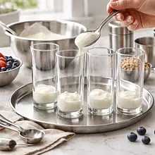 Serve in clear cups or glasses to showcase the layers. Serve warm apple slices on cool yogurt for a contrast in temperature. Additionally, you can serve a small scoop of vanilla ice cream on the side for a more dessert-like touch.
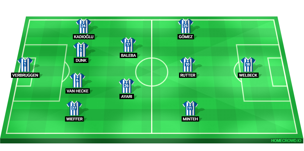 Probable Lineup (4-2-3-1): Verbruggen; Wieffer, Hecke, Dunk, Kadioglu; Ayari, Baleba; Minteh, Rutter, Gomes; Welbeck
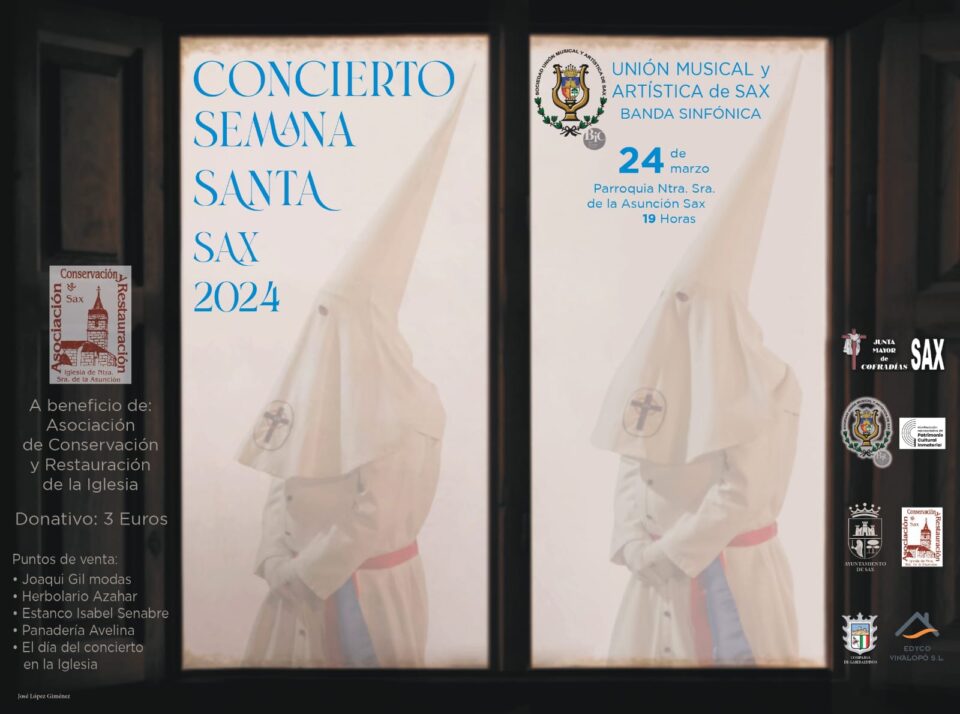 La Unión Musical y Artística de Sax celebrará el próximo domingo 24 de marzo el habitual concierto de Semana Santa, que tendrá lugar a las 19:00h en la Iglesia Nuestra Señora de la Asunción de Sax.
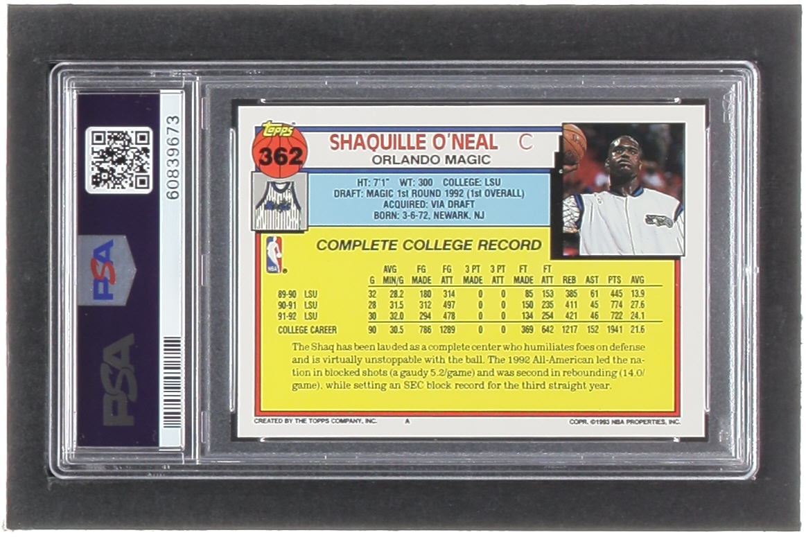 Shaquille O'Neal 1992-93 Topps #362 RC (PSA 8)
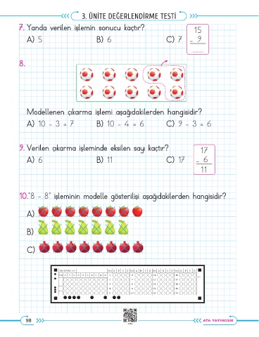 9. Verilen çıkarma işleminde eksilen sayı kaçtır? 17
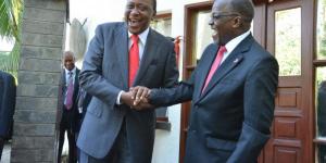Rais wa Jamhuri ya Muungano wa Tanzania Dkt. John Pombe Magufuli akizungumza jambo na Rais wa Kenya Uhuru Kenyatta.
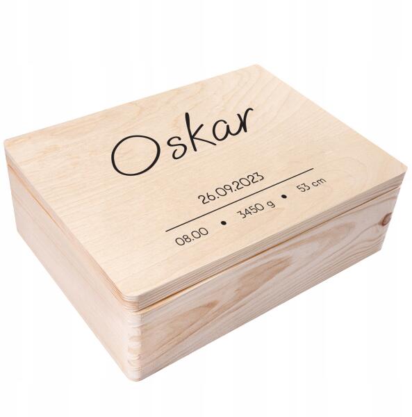 Creative Deco Emlékdoboz születésre, ajándék keresztelőre, anyakönyvi kivonat Uv nyomtatással, 40x30x14 cm (JANCDSD140BCUSTOMDOTSIMPLEFBM)ALLEGRO
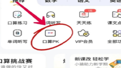 打开小猿口算APP,在主页推荐中找到口算PK功能并点击进入。
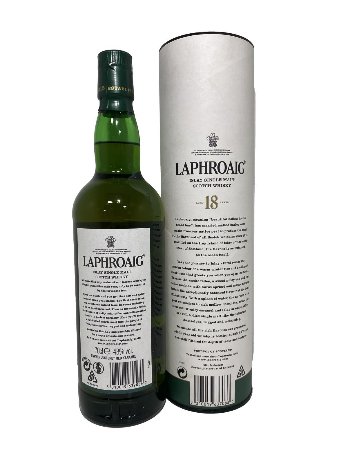Laphroaig 18yo was introduced in 2009 as a replacement for the old 15 Year Old (A favourite amongst some royal family members). This is a stronger, altogether gutsier affair at 48%.A big and bold expression of Laphroaig that manages to be both intensely smoky but also well rounded with a sweet, oakiness.
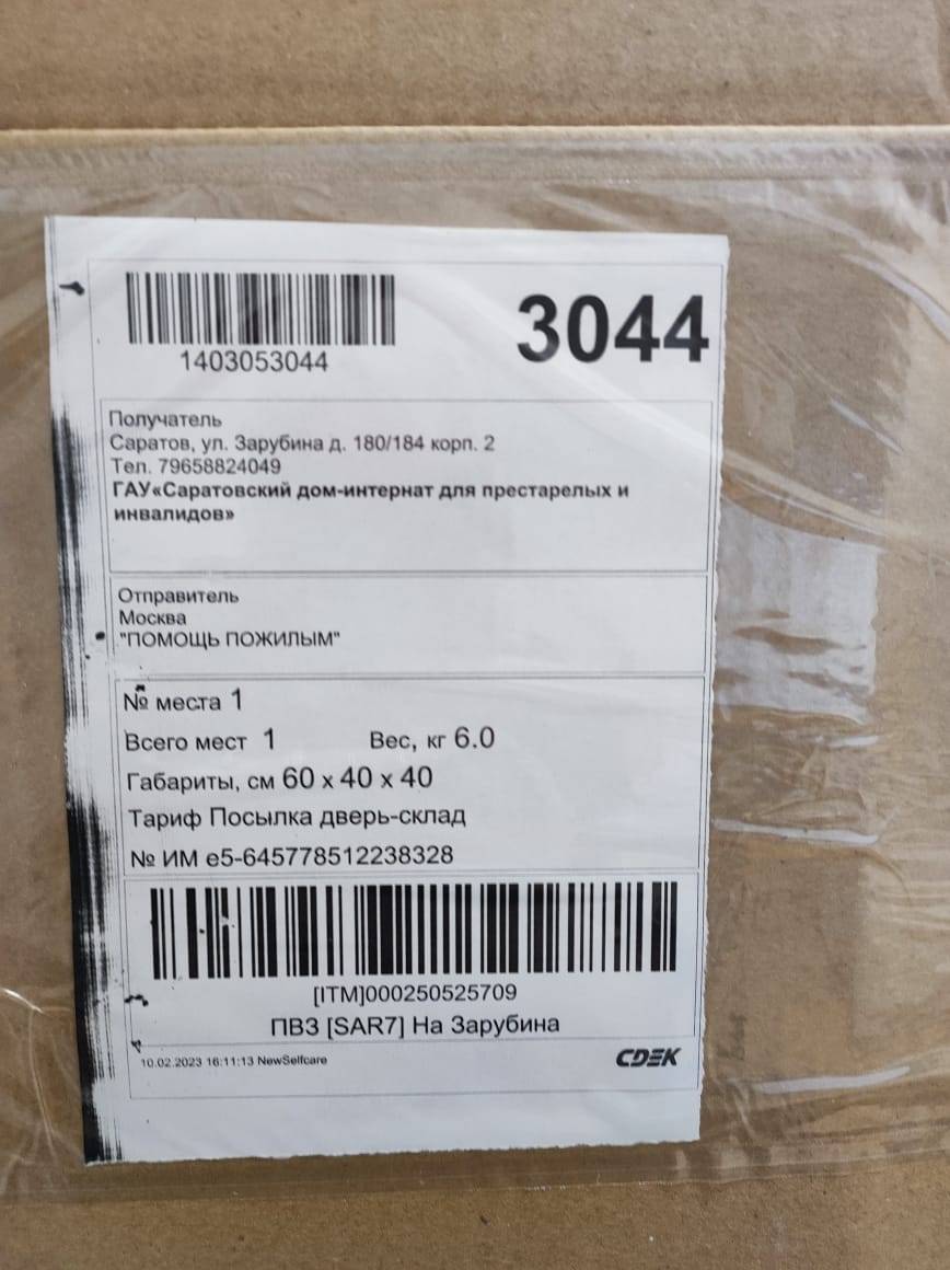 11 февраля 2023 г. была отправлена благотворительная помощь в виде подгузников, интерьерных картин, наборов для вышивания для пожилых людей Саратовского дома-интерната для престарелых и инвалидов.
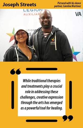 “After working with the lead director, Maria Espinoza, training with her and doing private lessons, she mentioned how my military bearing, and the fact that I was on the military drill team, was going to help me learn more as a strong lead in dance and so we're tried to cultivate that military bearing with the creativity of salsa and bachata,” Street admits.
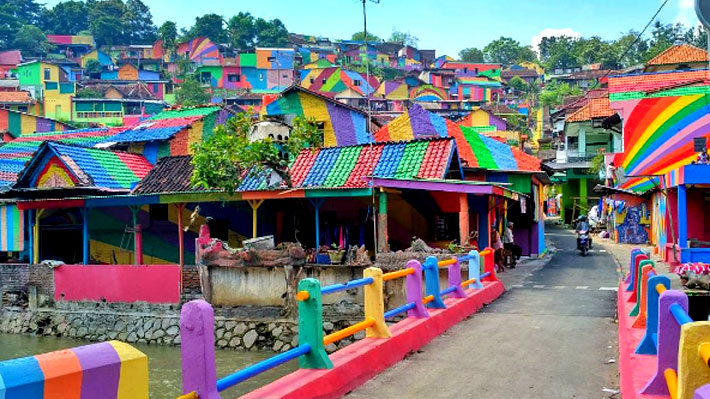 El pequeño pueblo de Indonesia, Kampung Pelangi, era prácticamente desconocido para la gran mayoría de los viajeros. Ubicado en el centro de la isla de Java, en el distrito de Semarang, este villorrio era hasta poco un suburbio pobre, lleno de suciedad y poco amigable. Hoy es conocido como una de las “rainbow village” de este país que se reparte entre el Sudeste Asiático y Oceanía, luego que sus 232 humildes casas fueran pintadas con bellos y llamativos colores, transformándose en un destino ideal para los turistas que buscan escenarios únicos para una buena fotografía.
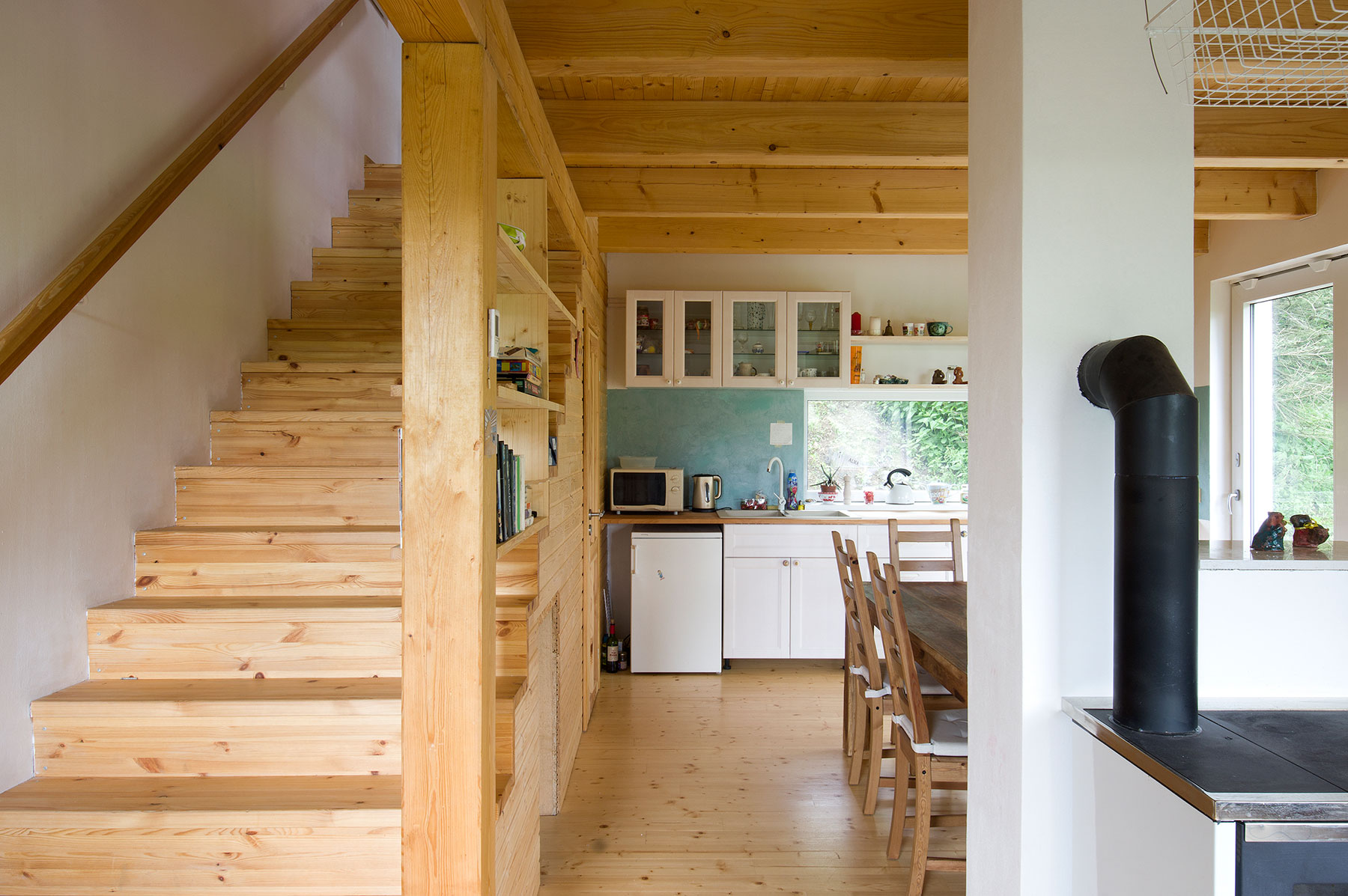 „Hrebeň sedlovej strechy je orientovaný kolmo k svahu – toto riešenie sme zvolili s ohľadom na zdôraznenú požiadavku dobrého výhľadu, hoci sa pôvodne uvažovalo o rovnobežnej orientácii,“ vysvetľuje Ing. arch. Štěpán Jablonský.
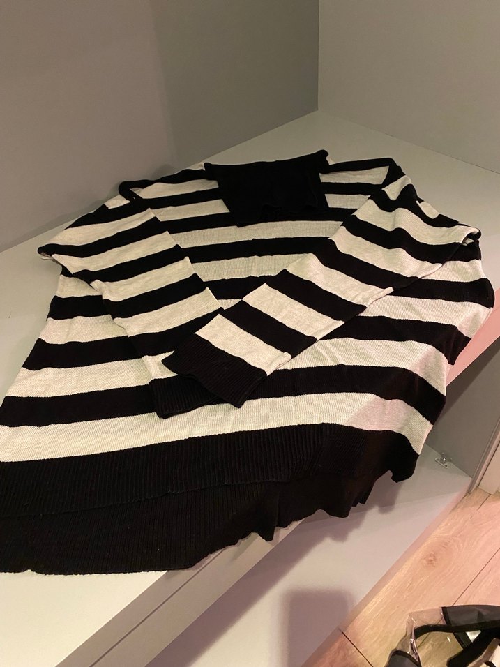 Siyah beyaz çizgili, uzun kollu, salaş kesim ve tekne yaka triko kazak. Midi boy, rahat ve sokak modasına uygun, günlük kullanıma uygun.

--------------------------------------------------

### PROBLEM DETAILS
The expected result is the material restated word for word, minus any picture.

### ANSWER SECTION
 Serve in clear cups or glasses to showcase the layers. Serve warm apple slices on cool yogurt for a contrast in temperature. Additionally, you can serve a small scoop of vanilla ice cream on the side for a more dessert-like touch.
 Probable Lineup (4-2-3-1): Verbruggen; Wieffer, Hecke, Dunk, Kadioglu; Ayari, Baleba; Minteh, Rutter, Gomes; Welbeck
 La Unión Musical y Artística de Sax celebrará el próximo domingo 24 de marzo el habitual concierto de Semana Santa, que tendrá lugar a las 19:00h en la Iglesia Nuestra Señora de la Asunción de Sax.
 Shaquille O'Neal 1992-93 Topps #362 RC (PSA 8)
 9. Verilen çıkarma işleminde eksilen sayı kaçtır? 17
Rais wa Jamhuri ya Muungano wa Tanzania Dkt. John Pombe Magufuli akizungumza jambo na Rais wa Kenya Uhuru Kenyatta.
 Creative Deco Emlékdoboz születésre, ajándék keresztelőre, anyakönyvi kivonat Uv nyomtatással, 40x30x14 cm (JANCDSD140BCUSTOMDOTSIMPLEFBM)ALLEGRO
 打开小猿口算APP,在主页推荐中找到口算PK功能并点击进入。
Laphroaig 18yo was introduced in 2009 as a replacement for the old 15 Year Old (A favourite amongst some royal family members). This is a stronger, altogether gutsier affair at 48%.A big and bold expression of Laphroaig that manages to be both intensely smoky but also well rounded with a sweet, oakiness.
 11 февраля 2023 г. была отправлена благотворительная помощь в виде подгузников, интерьерных картин, наборов для вышивания для пожилых людей Саратовского дома-интерната для престарелых и инвалидов.
 “After working with the lead director, Maria Espinoza, training with her and doing private lessons, she mentioned how my military bearing, and the fact that I was on the military drill team, was going to help me learn more as a strong lead in dance and so we're tried to cultivate that military bearing with the creativity of salsa and bachata,” Street admits.
 El pequeño pueblo de Indonesia, Kampung Pelangi, era prácticamente desconocido para la gran mayoría de los viajeros. Ubicado en el centro de la isla de Java, en el distrito de Semarang, este villorrio era hasta poco un suburbio pobre, lleno de suciedad y poco amigable. Hoy es conocido como una de las “rainbow village” de este país que se reparte entre el Sudeste Asiático y Oceanía, luego que sus 232 humildes casas fueran pintadas con bellos y llamativos colores, transformándose en un destino ideal para los turistas que buscan escenarios únicos para una buena fotografía.
 „Hrebeň sedlovej strechy je orientovaný kolmo k svahu – toto riešenie sme zvolili s ohľadom na zdôraznenú požiadavku dobrého výhľadu, hoci sa pôvodne uvažovalo o rovnobežnej orientácii,“ vysvetľuje Ing. arch. Štěpán Jablonský.
 Siyah beyaz çizgili, uzun kollu, salaş kesim ve tekne yaka triko kazak. Midi boy, rahat ve sokak modasına uygun, günlük kullanıma uygun.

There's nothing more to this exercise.